As we discussed in our last blog, the market has had to absorb some new challenges in recent months, not least the implication of higher inflation and interest rates, in addition to the Russian war and Chinese lockdowns. These factors were very much centre stage across April, and whilst investors may continue to focus on short-term trends into early summer, we view the most important implication of the last four months as a re-price of assets, many of which we feel will do really well over the years ahead. Paradoxically, the world as we know is moving towards cleaner energy and lower carbon emissions, yet in the first part of this year, stocks that operate in the opposite context have been rewarded heavily, at the expense of those assets designed with providing a sustainable future. This is a short-term supply derived problem that will resolve itself over the coming 12 months, and represents a good example of current market short-termism.
Nonetheless, many of what we would call ‘sustainable’ and ‘quality-based businesses’ are much cheaper now than they were 6 months ago. Whilst this has been disappointing for our portfolios right now, we feel it will lead to higher future returns. At the same time, although we added to energy and the oil heavy FTSE 100 earlier in the year, this was more as a hedge against a protracted war and continued supply chain issues. We must be careful not to get caught up in short-term thinking. Oil prices are unlikely to repeat their last 12 months increases in the next 12 months, and we see risks in buying things that have already gone up in value, with the expectation that it will continue into the future.
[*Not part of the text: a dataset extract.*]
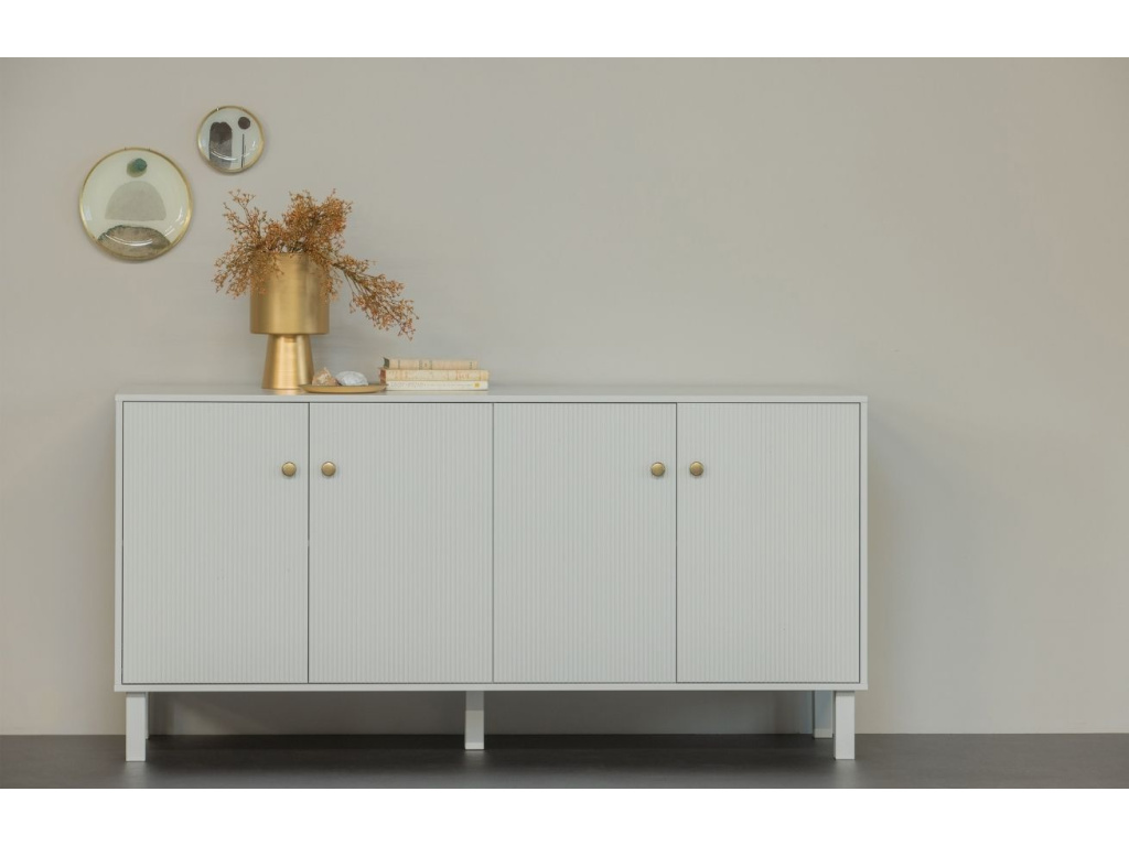 Stylová komoda Madine je vyrobena z borovicového dřeva, které je ozvláštněno kovovými úchytkami mosazné barvy. Její šedý odstín jí dodává nadčasový vzhled a umožňuje ji zakomponovat i do barevnějších interiérů. K výrobě komody bylo použito dřevo z šetrně obhospodařovaných lesů, které získalo certifikaci FSC. Komoda disponuje čtyřmi dvířky, za každou dvojicí dvířek se nacházejí dvě prostorné police. V sérii Madine najdete více designově sladěných produktů, kterými můžete interiér vkusně sladit.

To that end a long standing investment principle is that the best time to invest is when prices have fallen. The more bad news that is baked into the price of something, the greater the chance of a positive surprise. This is particularly important when we are talking about the valuations of sustainable, profitable, quality businesses, which have fallen in value despite their long term drivers remaining fully intact.
To further illustrate the repricing we have seen, bonds have moved from offering income returns of 1-2% at the start of the year to 3-4% at the time of writing. Although it naturally doesn’t feel great that our bond bucket is down 5% over the course of this year so far, our forward 10 year return expectations have increased from where they were in January by between 10% and 20%. To an even greater extent this is also the case in equities, with some segments of the market down 50% since the start of the year just on sentiment alone. Even if equity markets fall another 5-10% from here, the opportunities that have been created on a 3-5 year view are excellent.
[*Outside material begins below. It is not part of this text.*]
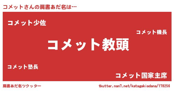 | 意味不明あだ名 | 『永久保存コメット』『ニラ科コメット属』 |

So whilst a significant portion of our job is based on trying to predict the forward economic environment, we know we can’t control it. It is therefore crucial to not get overly influenced by the noise, and stick to sensible investment principles. Staying focused on the long term, and increasing risk when assets become cheaper are two of the most important, and to that end we continue to focus on repositioning for when things improve.
In the meantime, it’s worth noting that although the recent months have been difficult, the long term returns delivered by all portfolios remain very much on track. This year’s correction places us in a better, not worse, position to deliver that once again over the next 10 years, which is really a more appropriate time horizon for us all to focus on.